Robot Turns from Graffiti to Growing Plants in Hydroponics Effort

“This project highlights how Georgia Tech’s commitment to interdisciplinary research has led to unexpected applications of seemingly unrelated technologies, and serves as a testament to the value of exploring diverse fields of study and collaboration in order to develop innovative solutions to real-world problems.”

Research

Researchers have applied technology they developed for robotic art research to a hydroponics robot. The team originally developed a cable-based robot designed to spray paint graffiti on large buildings. Because the cable robot technology scales well to large sizes, the same robot became an ideal fit for many agricultural applications.
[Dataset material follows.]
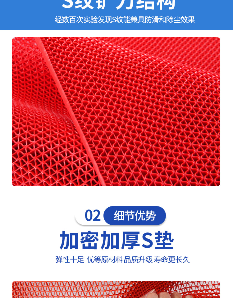 S 형 중공 메쉬 매트 미끄럼 방지 카펫 PVC 플라스틱 방수 욕실 수영장 주방 매트 엄격

Through a collaboration with the N.E.W. Center for Agriculture Technology at Georgia Tech, a robotic plant phenotyping robot was built, tested, and deployed in a hydroponic pilot farm on campus. The robot takes around 75 photos of each plant every day as the plant grows, then uses computer vision to construct 3D models of the plants which can be used to non-destructively estimate properties such as crop biomass and a photosynthetically active area for tracking, modeling, and predicting plant growth.

Why It Matters

  • Efficiency of resources in agriculture – using less water and fertilizer to produce more food – is becoming increasingly important.
  • Advancements in agricultural efficiency are driven by better understanding of plant growth and substrate dynamics.  There is a need to understand how plants grow to know how much to feed them.
  • This work addresses plant growth model accuracy, which is currently limited by the difficulty in collecting data that is both large-scale and detailed with genetic and environmental variations make data “noisy.”
  • By combining two existing robot architectures – cable robots and serial manipulators – large numbers of plants can be autonomously imaged at high quality from many angles.
  • In leveraging computer vision algorithms, plant images can be used to generate measurements that are accurate enough to be used in developing more advanced plant growth models.
A robot takes around 75 photos of each plant every day as the plant grows, then uses computer vision to construct 3D models of the plants to track and predict growth.